Davesh Soneji, McGill University
“No More Nautches in Poodoocottah”:
Colonial Modernity, Memory and the Devadasi Dance Tradition of the
Viralimalai Murukan Temple

Photograph: Cylla von Tiedemann
R. Muttukkannammal, the last dedicated devadasi of the Murukan temple at Viralimalai in Pudukkottai district, remembers dancing to English marching-band songs when the Maharaja of Pudukkottai would come to her temple. Integrated into the catir kacceri or formal concert repertoire in the nineteenth century, these compositions were meant to be part of the courtly “rituals of display” of the Tanjavur and Pudukkottai Maharajas, and devadasi dance was a central visual marker of these spectacles. But by the 1930s, devadasi performances in both the temples and courts of Tamilnadu had become merely perfunctory as far as temple administrators, priests, zamindars, and audiences were concerned. In Viralimalai, the “ritual-dance repertory” of the temple had disappeared by this time, and instead, only the catir kacceri was performed in the temple on festival days by Muttukkannammal. Transmogrified by colonial modernity and the discursive contours of “social reform,” the performance culture and lifestyles of devadasis in the Pudukkottai and Tanjavur districts had become irrevocably divested of function or meaning.

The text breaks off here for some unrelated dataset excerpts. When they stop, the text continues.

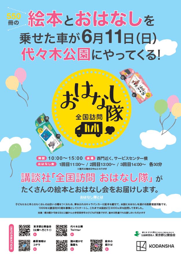 【☔️雨予報のため開催中止】明日(6/11)開催予定だった絵本の読み聞かせ会ですが、雨予報ため開催中止となりました。🚚次回は7月8日(土)を予定しておりますので是非ご参加ください!次回は晴れますように..
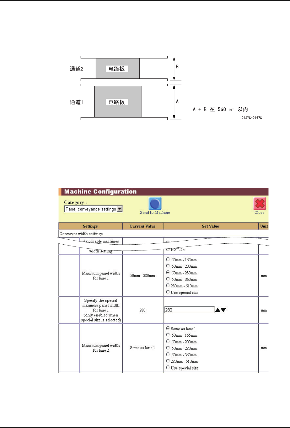 在双轨道生产时,在轨道 1 和轨道 2 中能够各自对应不同尺寸的电路板。请根据情况设定轨
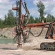 Drilling rig making explosive holes in limestone quarry. Rock drilling machine working on open cast mining.
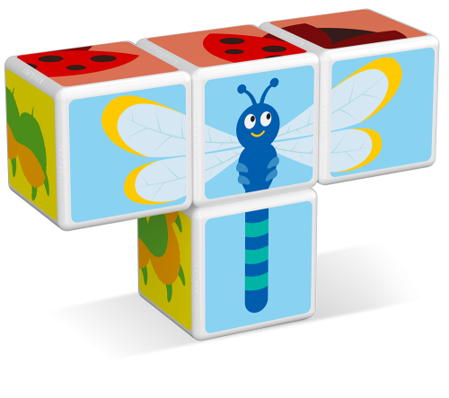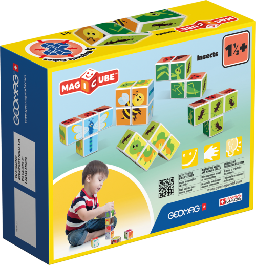 Beruška, vážka nebo mravenci… Jaká další zvířátka z říše hmyzu objevíš? Jednoduché spojování a otáčení zvládnou i ti nejmenší. Díky magnetkům uvnitř kostek krásně drží v prostoru, stavění ve 3D!!! Obsahuje 4 magnetické kostičky a 6 tipů na skládání (3 kartičky). Určeno pro děti od 1,5 roku.
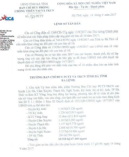 Nhận được Lệnh sơ tán dân yêu cầu Chủ tịch Uỷ ban nhân dân, kiêm Trưởng Ban Chỉ huy PCTT-TKCN các huyện: Lộc Hà, Cẩm Xuyên, Thạch Hà, Nghi Xuân, Kỳ Anh và Thị xã Kỳ Anh, TP Hà Tĩnh và Khu KT Vũng Áng, Thủ trưởng các ngành, các tổ chức và cá nhân chấp hành một cách nghiêm túc và báo cáo kết quả kịp thời về Văn phòng thường trực Ban chỉ huy PCTT-TKCN tỉnh.
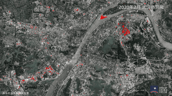 这是武汉市2020年10月与2月的热异常对比。卫星数据显示,10月较2月高于平均温度5度的区域面积增长了4.3倍。(红色代表该地地面温度高于整个地区平均气温,通常来自火灾、工业/能源生产和大密度的人口生活、生产。)
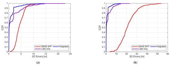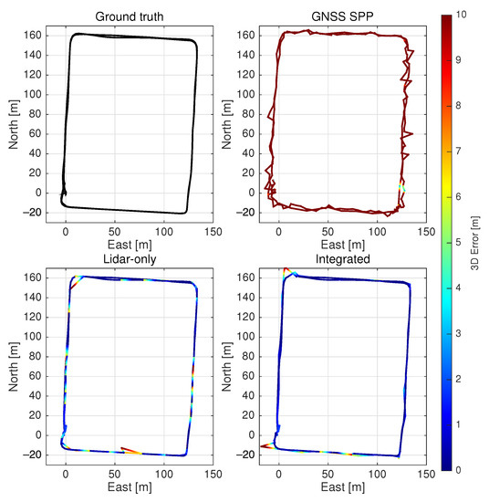 - It was demonstrated that the proposed positioning approach (Integrated) can achieve centimeter- to meter-level 3D accuracy for the entirety of the driving duration in densely built-up urban environments, where the accuracy of GNSS code measurements is low and standalone lidar positioning may not always be available;
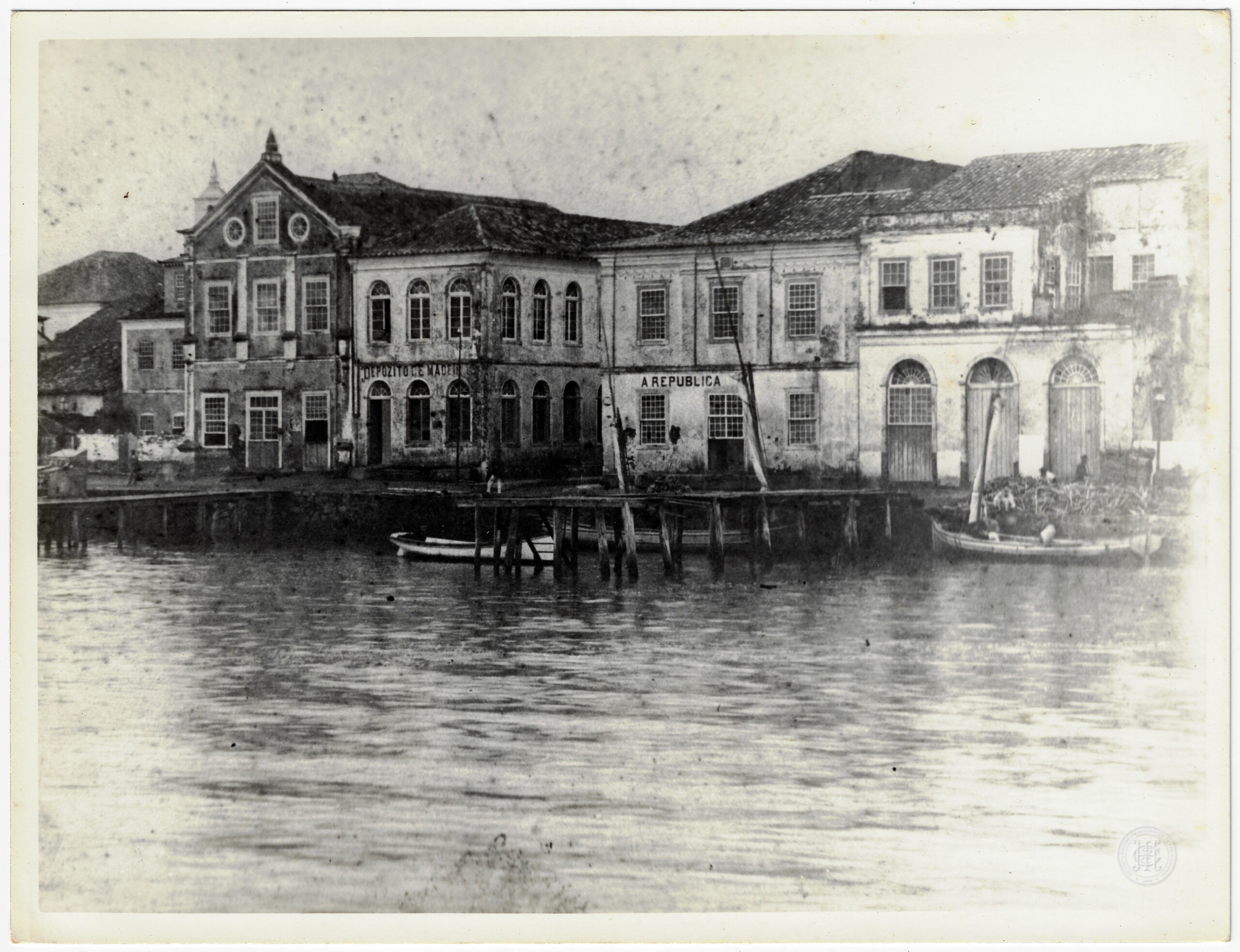 Adjacente a ele, uma edificação traz a inscrição pintada "DEPOZITO DE MADEIR" sobre as portas do térreo, em um prédio que posteriormente abrigaria o IPESC. No centro da composição, destaca-se o prédio onde funcionava o jornal "A REPUBLICA", com a inscrição homônima visível na fachada clara de dois pavimentos. À direita, seguem-se armazéns com grandes portas em arco pleno no nível da rua, típicos da zona portuária comercial da época. O plano de fundo revela telhados cerâmicos e outras construções que se estendem pela malha urbana.
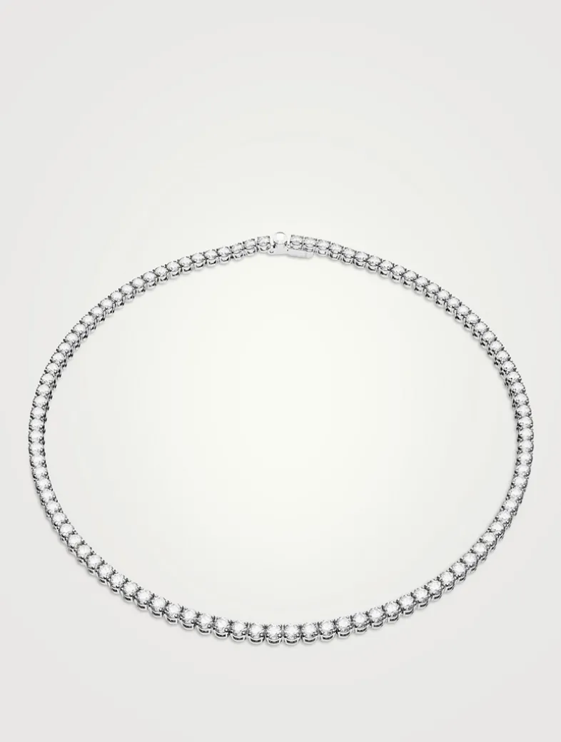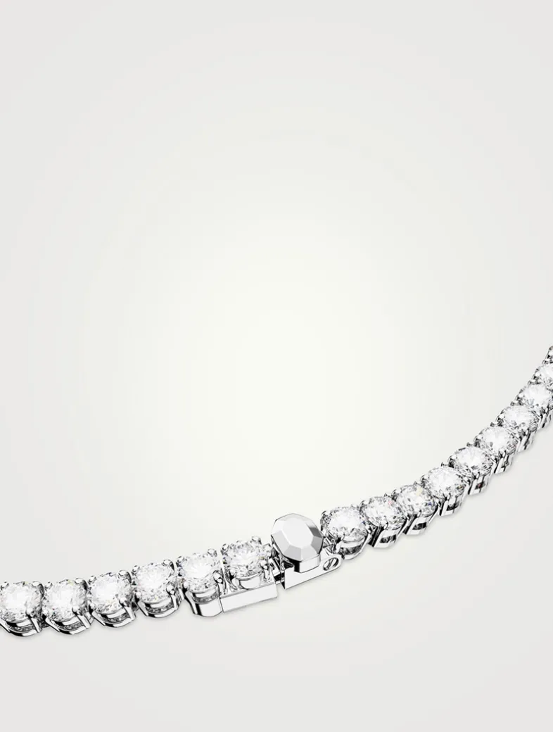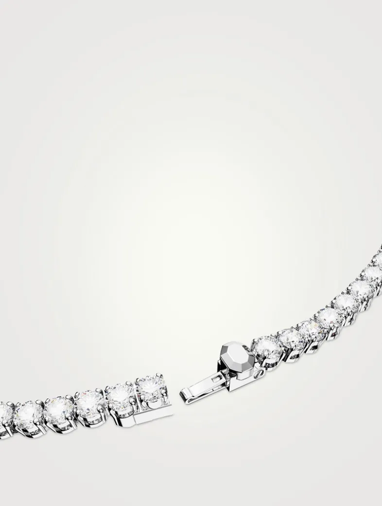 Stations of cubic zirconias stand out in this classic collar necklace. The minimal clasp allows for an unbroken halo of glimmer around your neck.
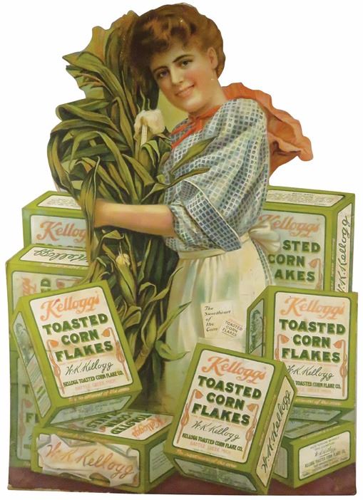 Kelloggs' Toasted Corn Flakes Die Cut, Cardboard, Window Display. Some repaired tears and restoration otherwise good condition. 25 X 34 1/2 inches.
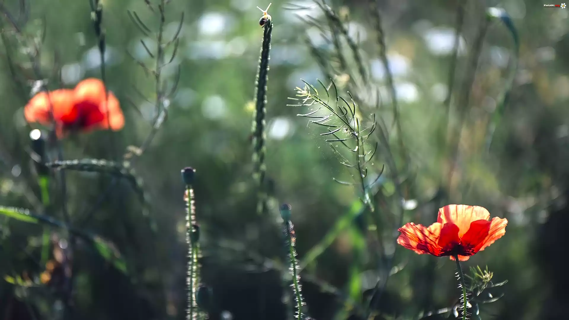 Kwiaty, Dwa, Maki, Trawa - Zdjęcia
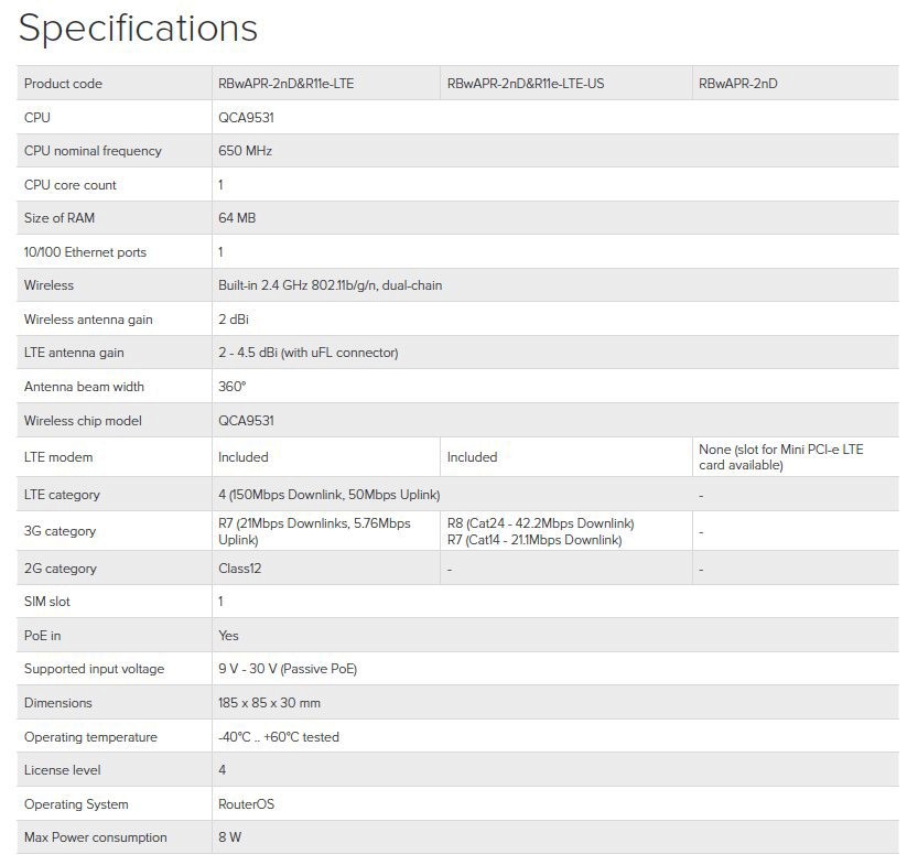 mANT LTE je všesměrová anténa designována pro nasazení v LTE pásmu. Příslušenství k LTE modelové řadě zařízení Mikrotik (wAP LTE, LtAP série). Anténa disponuje ziskem 5dBi a zlepší příjem v oblastech s horším pokrytím signálem.

In this paper I examine how shifts in the sites of devadasi performance can be read as indexes for the process of the community’s disenfranchisement in Tamilnadu from c. 1920-1955. I suggest that the impact of social reform movements is felt very early in the devadasi communities of Tamil-speaking South India, accounting for the disappearance of “ritual dance” on the one hand, and the disappearance of patronage of courtly dance on the other. Using ethnographic data and analyses of specific genres within the dance repertoire, this paper illustrates the innovative ways in which the devadasis of Viralimalai transformed and negotiated their identities in relation to the temple and court before, during, and after the implementation of the Anti-Devadasi Act of 1947.